In the pharmaceutical industry, types of inventions that are patentable in many countries (as long as the other criteria are met) include new pharmaceutical compounds, new or improved products for diagnostics, new dosage forms of known therapeutics, microorganisms, novel combinations of known compounds, processes and methods used for manufacturing a particular product, new and/or improved manufacturing equipment and new and/or improved drug delivery mechanisms or technologies. The list is by no means exhaustive and not all of the above are patentable in all countries.

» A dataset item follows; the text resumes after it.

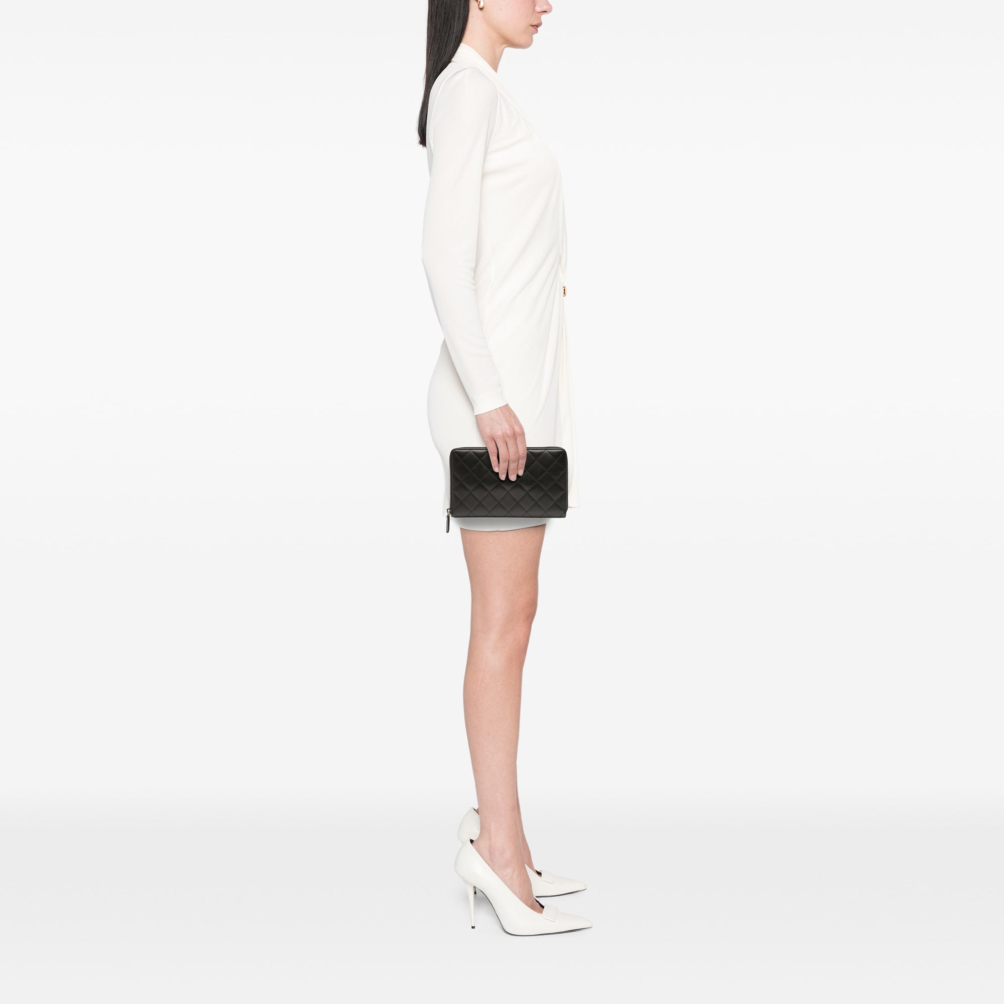 This wallet features a quilted lambskin leather body, a zip around closure, and interior slip pockets. Inclusion: authenticity card. Retail Price: 1251.00

Virtually all countries have some regulation of prescription drug prices and budgetary costs. For example, prices and price increases in France, Italy, Spain are tightly controlled for drugs reimbursed by social insurance. Throughout the developing world, such regulations are extensive. Indeed, the unwillingness of many nations to provide drug patents may be seen both as a form of industrial policy ( to encourage local imitative industries) and as implicit price regulation. However, layered onto patent limitations are detailed rules covering pricing formulas and markups, which stem from negotiations among public health authorities, hospitals, pharmaceutical suppliers and etc. Regulations typically extend to regional distribution requirements, packaging and labeling, the size and strength of dosages.

Intellectual property may be described as rights to intellectual creations that allow the owner of those rights to prevent others from gaining economic and other benefits from the creation. These rights can be thought of as a form of limited monopoly.

Types:

-industrial property

-copyrights and related rights

-IPRs that stimulate inventive and creative activity (patents, copyright, trade secrets)

-IPRs that resolve information asymmetries (trademarks, geo indications).

IPRS consist of 2 main branches:

-Industrial property — This consists mainly of inventions, trademarks, industrial designs, and geographical indications.